Locus 1.2.0

A new release of Locus has been pushed to github. This version is the most different from any of its predecessors.

• Everything is a set again: the new concrete categories support in this system makes everything as much as possible into structured sets. This allows us to reason about more functions using topos theory and the fundamental topos $Sets^{\to}$.
  • $Sets^{\to}$ itself is a concrete category. Functions $f: A \to B$ have elements which are either input elements of $A$ or output elements of $B$ which can be represented as ordered pairs $(0,a)$ and $(1,b)$ to distinguish rather or not an element is in the input set or the output set. A morphism of functions in $Sets^{\to}$ is then a function on these input and output elements.
  • $Quiv$ is a concrete category whose elements are objects and morphisms. In particular, as categories are enriched quivers, they are again structured sets whose elements are objects and morphisms. Functors are functions of categorical elements.
  • Let $F$ be an arbitrary copresheaf in $Sets^P$. Then its elements are simply section elements $(o,x)$ with $o \in Ob(P)$ and $x \in F(o)$. It follows that structured presheaves are simply structured sets of sections. Section elements are now supported by special classes.
• The new concrete category framework also supports the theory of structure presheaves. Any functor to a concrete category has an udnerlying copresheaf. So it follows for example that a quiver valued functor $F: C \to Quiv$ has an underlying presheaf defined by the mechanism that turns $Quiv$ into a concrete category.
• By the same token we have mechanisms for converting $Rel$ and the category of partial functions into concrete categories, so that functors $f : C \to Rel$ are represented as structure presheaves.
• In order to better support the topos theoretic foundations, our emphasis on $Sets^{\to}$ and set valued functors, the fundamental parts of the system related to $Sets^{\to}$ and the foundational logic of functions are moved into the base folder instead of the elementary folder.
• A whole new and fundamental mechanism for displaying copresheaves is now supported in this version of Locus. It focuses on copresheaves over partial orders, and it displays them in Graphviz like a clustered Hasse diagram. Corresponding to this, a wide variety of new types of copresheaves over partial orders is supported in this version. New mechanisms for handling functional dependencies are provided, and a new class for handling copresheaves over preorders is defined.
• New mechanisms are provided to make morphisms of dependency functors back into dependency functors, and morphisms of copresheaves back into copresheaves. With these new mechanisms we can get a handle on the sufficiency of presheaf topos theory.
• Subobject classifiers are finally provided for all the different topoi in the system, including subobject classifiers of chains which generalize subobject classifiers of functions.
• We have new support for two quivers: which are simply ordered pairs of quivers sharing a common set of edges and objects. In other words, they are quivers which have 2-morphisms between morphisms without any conditions that the morphisms they are between need to be parallel.
• By the same token, we provide a 2-globular set class that provides us with quivers with 2-morphisms that are only between parallel pairs of morphisms. These 2-globular sets can then be used to provide a model of 2-categories.

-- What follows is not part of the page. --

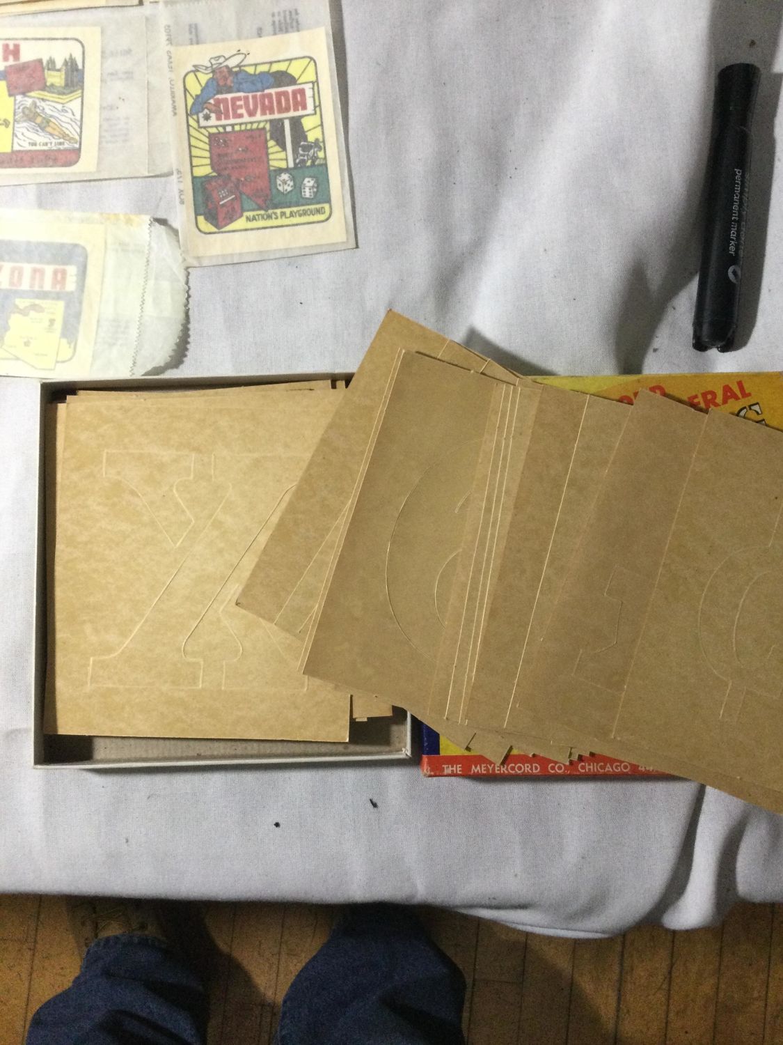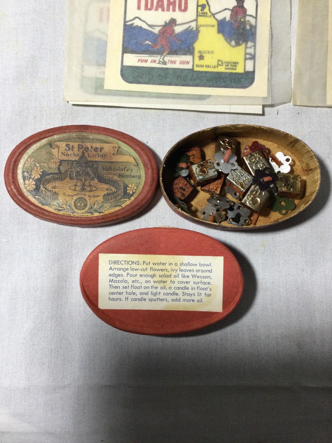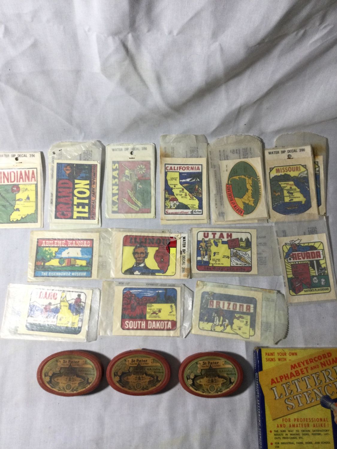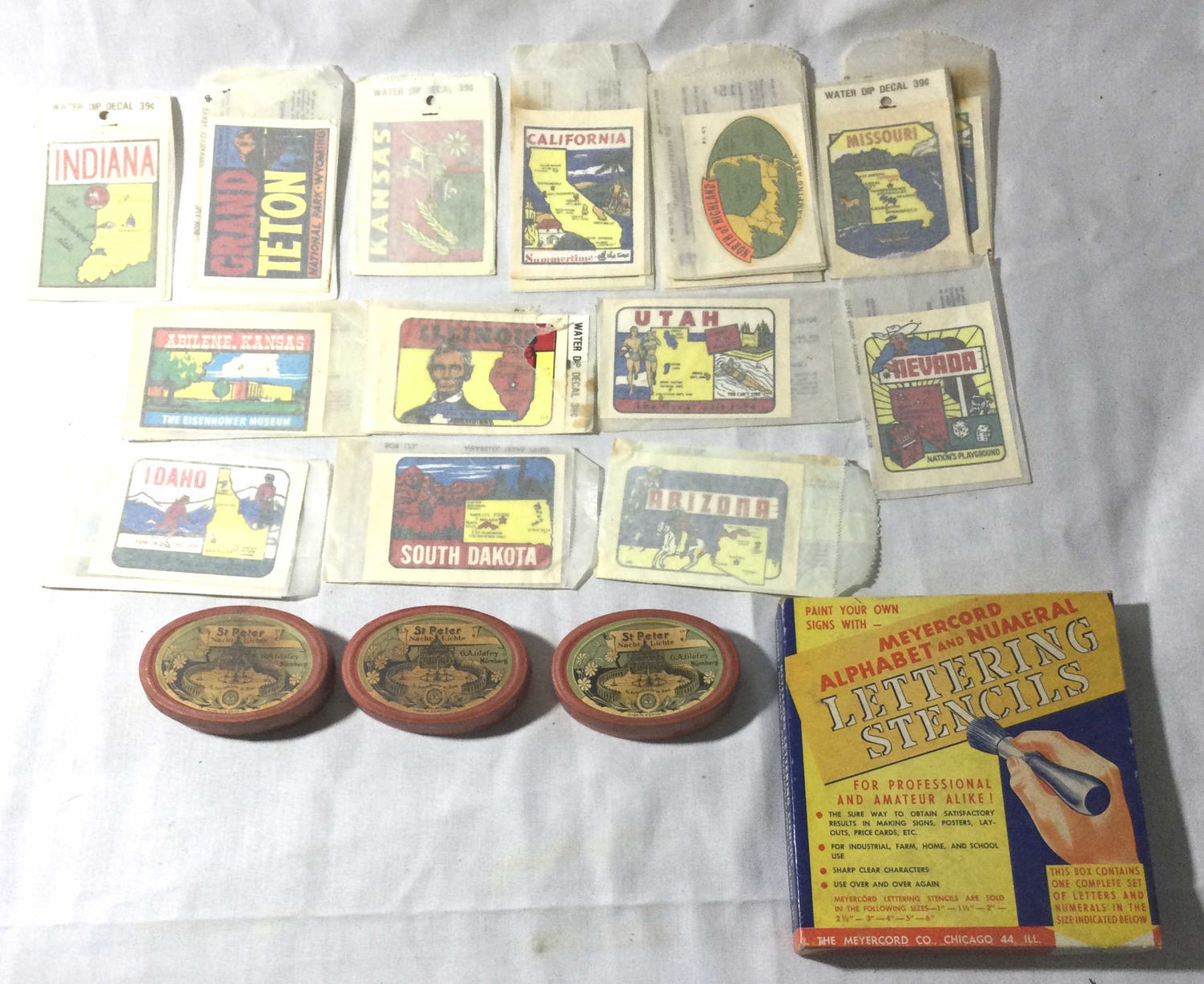 vintage packages of floating candles,And alphabet and numerical lettering stencil kit

• We now have support for n-globular sets, n quivers, etc. These are the first in the series of presheaf topos theoretic structures for higher categories. Globular and simplicial sets can be used as models of higher categories, thereby giving them a basis in presheaves.
• The readme was drastically changed and whole sections were removed, dealing with topos theoretic knowledge representation as I have rethought the entire issue. Instead, I leave a new section on geometric philosophy. In this section, I describe how computer science is like geometry and topos theory is the key to understanding computation. I leave the details of that open to further examination, rather then going in to too many specifics as the theory is constantly changing.